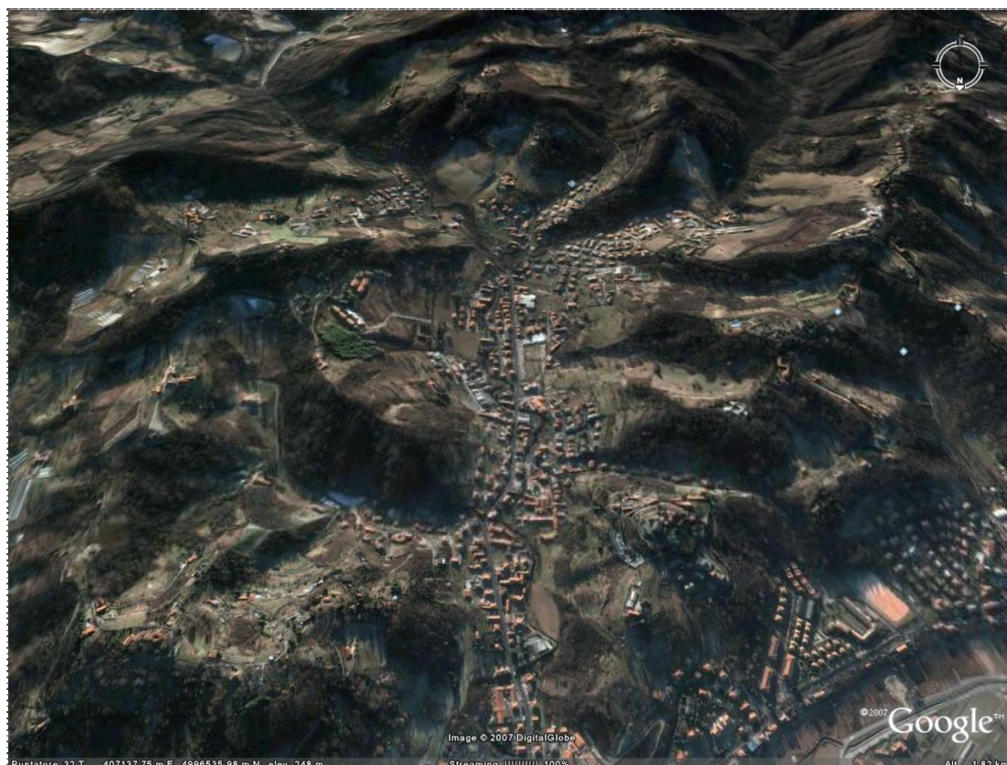
Figura 15. Insediamenti di fondovalle a Castiglione Torinese (Torino).
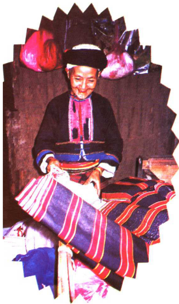
德昂族老人
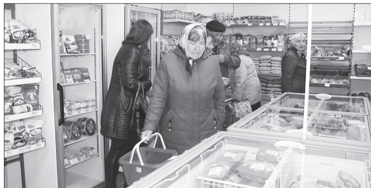
В павильоне «Ника», д. Уза

На улице Советской в Буда-Кошелево в январе открылся
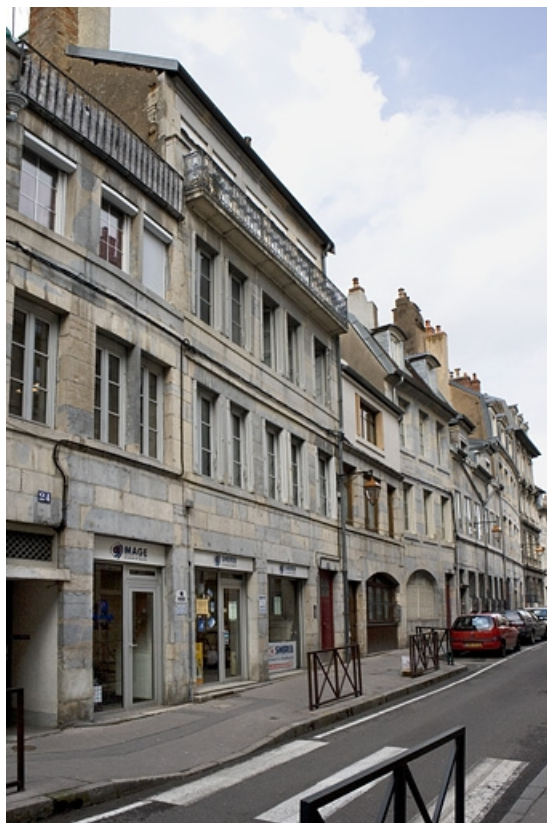
Vue d'ensemble rapprochée de la façade principale dans l'alignement de la rue.

25, Besançon, 22 rue Ronchoux, lieudit : îlot Granvelle
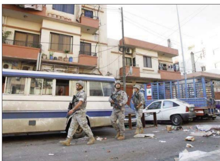
ձանագրուեցան Նաշար եւ Հաժեր ընտանիքներուն միջեւ:

Նշեց, որ նստացոյցին լոյսին տակ անհատական զինեալ բախումներ ար-
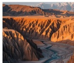
แกรนด์แคนยอนตู้ซานจื่อ
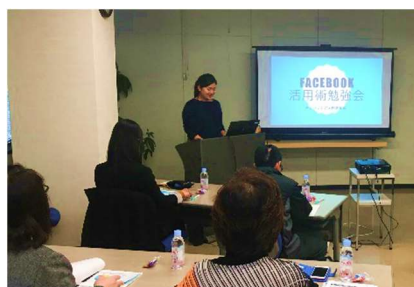
kintone Café Vol.2
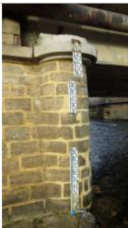
Echelle de crue en aval du pont sur la Serre, rive gauche
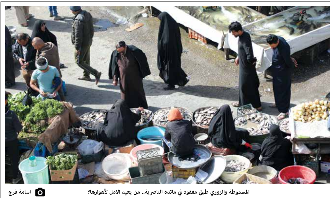
المسموطة والزوري طبق مفقود في مائدة الناصرية.. من يعيد الامل لأهوارها؟
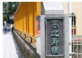
黄色い欄干が目印の恵比寿橋
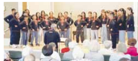
原聲童聲合唱團為美國灣區長者獻唱。

文友們依序就從AI發展趨勢對人類生活的衝擊、磨合、融合、藍海共贏表達理解與看法，並針對AI科技的躍升與未來的不確定性，依不同在AI人工智能生活上所遇到的狀況踴躍分享。
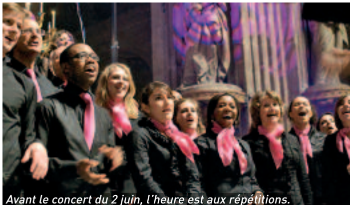
Avant le concert du 2 juin, l'heure est aux répétitions.
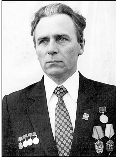
последнюю роль. За многолетний и добросовестный труд он был награжден орденами Трудового

Красного Знамени и «Знак Почета», юбилейной медалью «За добросовестный труд в ознаменование 100-летия со дня рождения В.И. Ленина», десятью медалями (золотой, серебряной, бронзовой) ВДНХ, многими Почетными грамотами и дипломами.
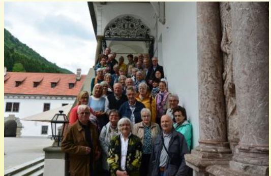
Wallfahrt Mariazell, Gaming, 16. Mai 2024
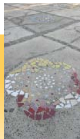
広い前庭は 駐車場になっていて、 床にはさまざまな素材で モザイク模様が。
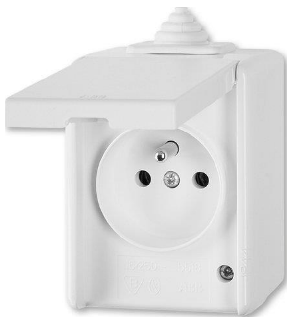
Zásuvka na povrch bílá – ilustrační foto
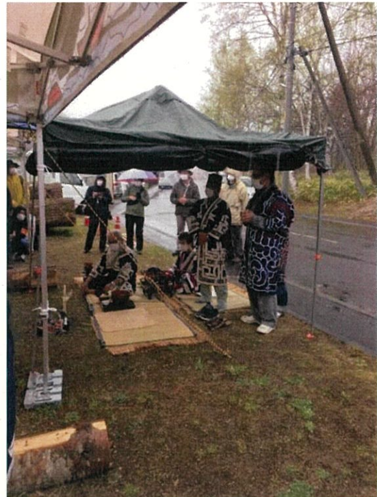
令和3年5月9日作業の安全を祈る『カムイノミ』を開催
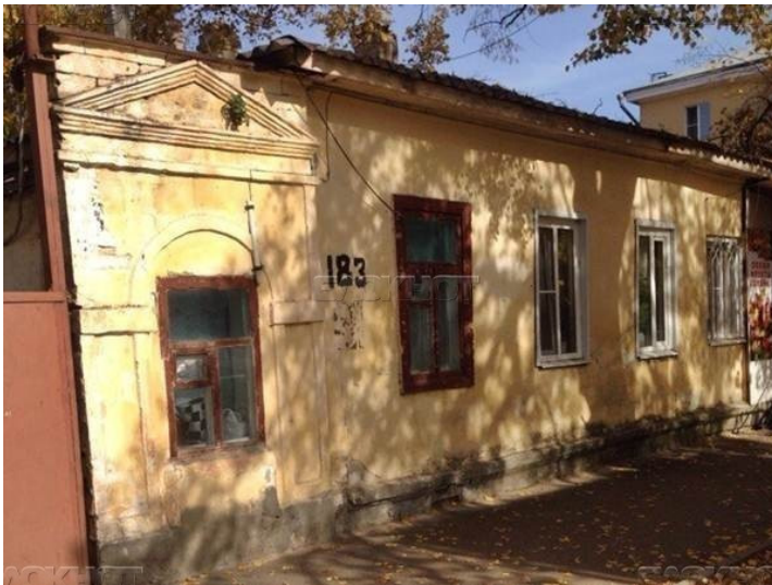
↗ Ставрополь. Будинок 1830-х рр. – єдиний на колишній Воробйовці, що зберігся з часів Грушевських до наших днів

Відомо, що в Ставрополі родина Грушевських за вісім років змінила три помешкання. Певно, спочатку статки молодого інспектора були дуже скромними. Тому першою їхньою адресою стала занедбана садиба купця Носова в далекім передмісті Воробйовка[5], що залишила в малого Михайла враження «чогось темного і понурого». У 1870-х рр. там були вулиці Перша Воробйовська (тепер Ф. Дзержинського) і Друга Воробйовська (тепер М. Морозова) з поперечними провулками. Точніше назвати адресу першого ставропольського помешкання вже, мабуть, не пощастить, та й зберігся від тих часів на колишній Воробйовці лише один будинок. У ньому зупинявся колись М. Лермонтов і, поза сумнівом, півтора століття тому цей дім бачили Грушевські.
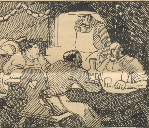
Die Metzger: „Diese verfluchten Bauern mit ihrem Lur, und ihre Milch und ihr teures Vieh sind an allem Schuld.“
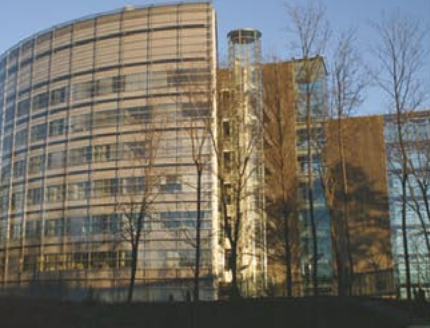
Nokia K2, Espoo
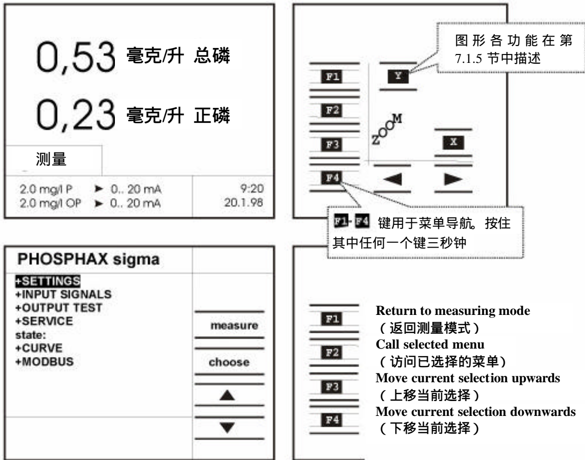
图 19 菜单系统
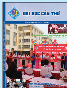
Ảnh bìa 1: Lễ khánh thành công trình nhà ở sinh viên

In tại Công ty Bao bì Vemedim Số lượng: 500 cuốn
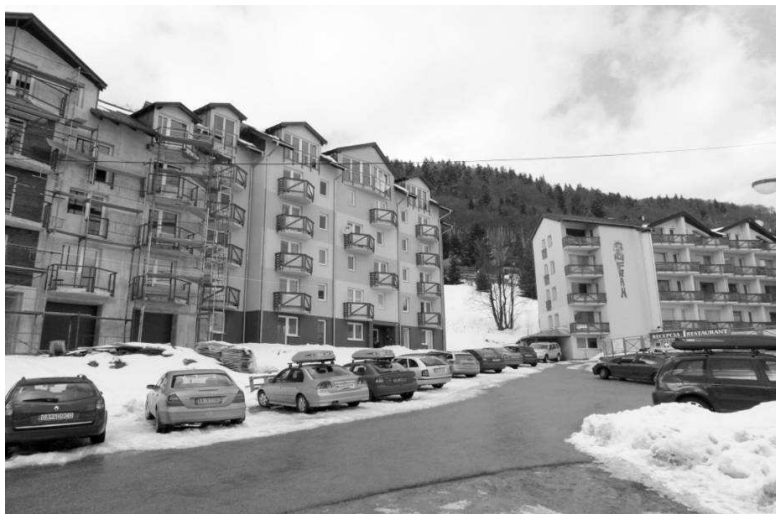
Obr. 1. Apartamentové domy – Mišúty v stredisku Donovaly

Bližšie k Butlerovej predstave rekreačnej urbanizácie má Conzenov bádateľský model štruktúry mesta (Matlovič 1998). Totiž aj v predstave napríklad malých škandinávskych mestečiek, alebo v koncepcii formálneho statusu mesta – ako je to napríklad na Slovensku v prípade kúpeľných miest, vystupuje mestotvorná funkcia v „pocite mesta“ – ktorý zhmotňujú mestské morfoštruktúry alebo priamo rekreačná funkcia – napríklad kúpeľníctvo.
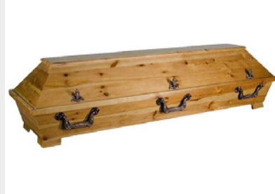
Standard - Kiefer rustikal (S1)
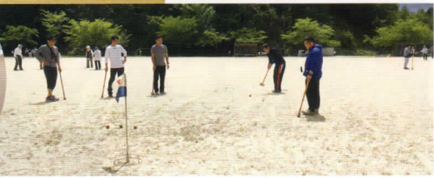
頑張って歩きました!!
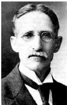
Slika 5. William Ernest Castle

Ubrzo nakon tih otkrića, 1910. godine, američki genetičari William Ernest Castle (Slika 5.) i Clarence Cook Little (Slika 6.) potvrdili su Cuénotove neuobičajene segregacijske omjere. Štoviše, dokazali su da su ne-Mendelovi omjeri Cuénotovih križanja rezultat uinka letalnog gena kojeg je ovaj istraživač u tim križanjima otkrio. Castle i Little uspjeli su to dokazati pokazavši da ¼ potomaka iz križanja heterozigota umire tijekom embrionalnog razvoja. Zbog toga Cuénot nikada nije mogao dobiti homozigotne žute miševе. Nadalje, utvrdivši embrionalnu letalnost, ili smrt kao novu fenotipsku klasu, klasični Mendelov omjer genotipova 1:2:1 se tada promijenio. Ovim primjerima je pokazano da letalni geni uzrokuju smrt organizma koji ih nosi ( http://www.nature.com/scitable/topicpage/mendelian-ratios-and-lethal-genes-557 ).
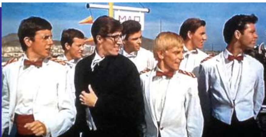
Photogramme du film “ Wonderful Life ”.
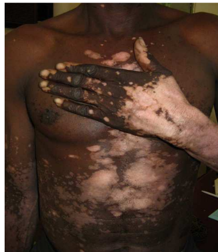
Figure 4 : Vitiligo : macules hypochromiques avec « aspect blanc laiteux »

▬▬▬

# [TASK INSTRUCTIONS]
Look through the data and gather every line with the string "труд" in it.

# [WORKED SOLUTION]
последнюю роль. За многолетний и добросовестный труд он был награжден орденами Трудового
Красного Знамени и «Знак Почета», юбилейной медалью «За добросовестный труд в ознаменование 100-летия со дня рождения В.И. Ленина», десятью медалями (золотой, серебряной, бронзовой) ВДНХ, многими Почетными грамотами и дипломами.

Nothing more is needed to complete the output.